*** Opening of Dataset entries ***

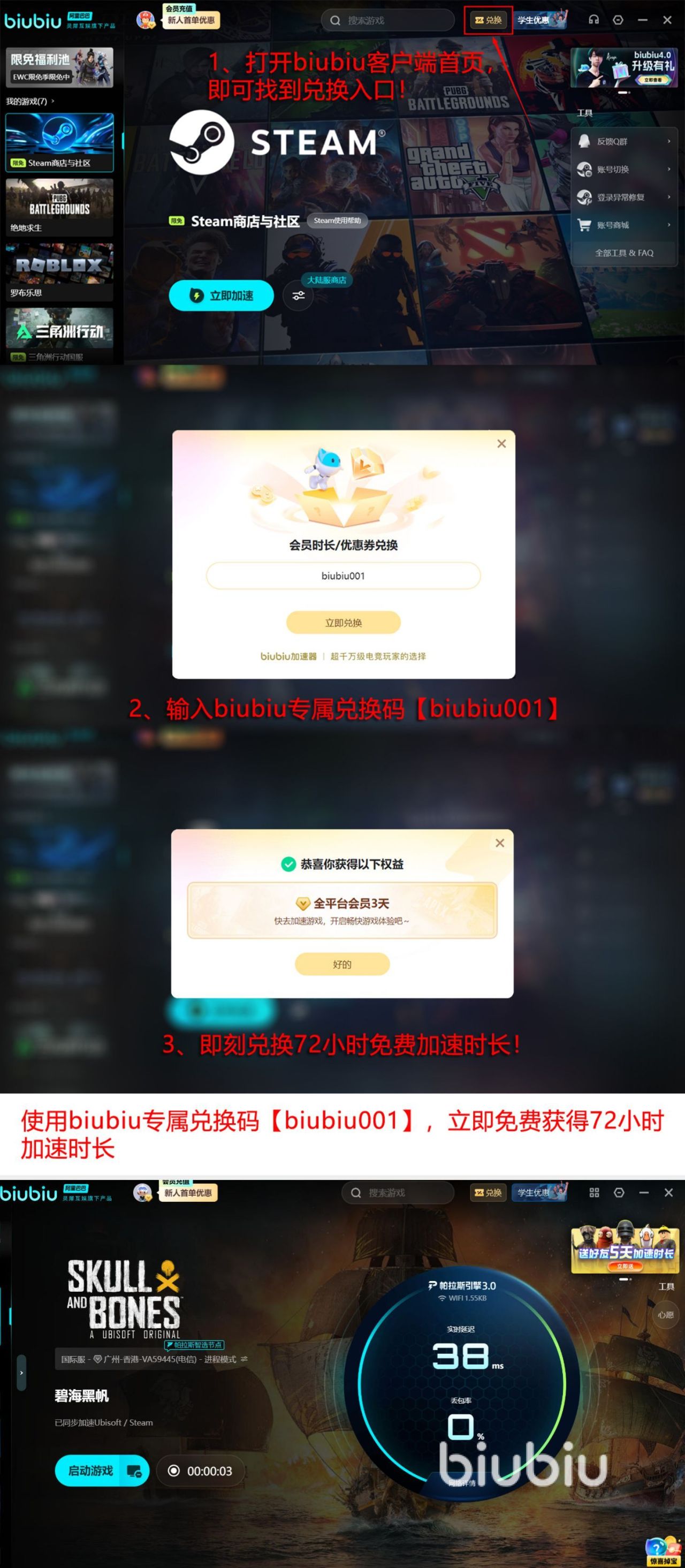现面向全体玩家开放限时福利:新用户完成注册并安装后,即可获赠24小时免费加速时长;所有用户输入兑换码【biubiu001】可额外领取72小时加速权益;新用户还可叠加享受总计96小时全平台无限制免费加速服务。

*** Close of Dataset entries ***
*** Opening of Dataset entries ***

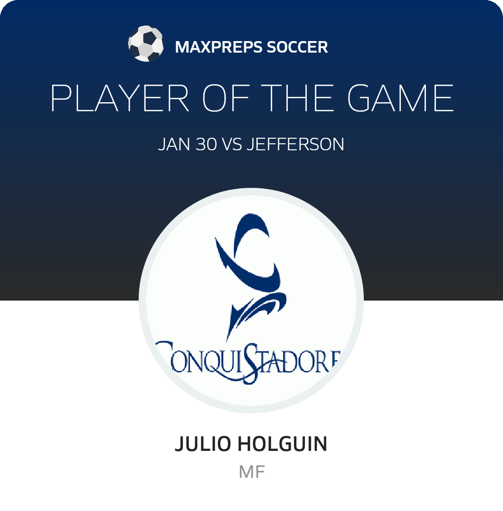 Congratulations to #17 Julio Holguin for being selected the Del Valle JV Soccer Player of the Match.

*** Close of Dataset entries ***
*** Opening of Dataset entries ***

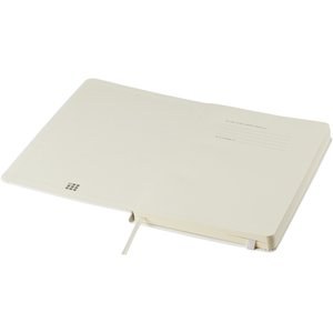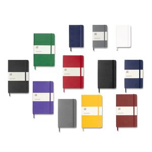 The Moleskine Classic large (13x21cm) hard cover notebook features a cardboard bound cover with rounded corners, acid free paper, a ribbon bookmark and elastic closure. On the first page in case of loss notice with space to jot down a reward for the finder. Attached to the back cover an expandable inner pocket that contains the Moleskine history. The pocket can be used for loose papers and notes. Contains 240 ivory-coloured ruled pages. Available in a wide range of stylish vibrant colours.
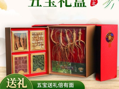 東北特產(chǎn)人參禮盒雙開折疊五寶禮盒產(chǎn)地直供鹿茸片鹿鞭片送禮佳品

*** Close of Dataset entries ***

In the listing above, find the line containing "The Moleskine Classic". Output it and every line after it up to and including the line containing "東北特產(chǎn)人參禮盒", exactly, but skip the pictures.

* [Result]:
 The Moleskine Classic large (13x21cm) hard cover notebook features a cardboard bound cover with rounded corners, acid free paper, a ribbon bookmark and elastic closure. On the first page in case of loss notice with space to jot down a reward for the finder. Attached to the back cover an expandable inner pocket that contains the Moleskine history. The pocket can be used for loose papers and notes. Contains 240 ivory-coloured ruled pages. Available in a wide range of stylish vibrant colours.
 東北特產(chǎn)人參禮盒雙開折疊五寶禮盒產(chǎn)地直供鹿茸片鹿鞭片送禮佳品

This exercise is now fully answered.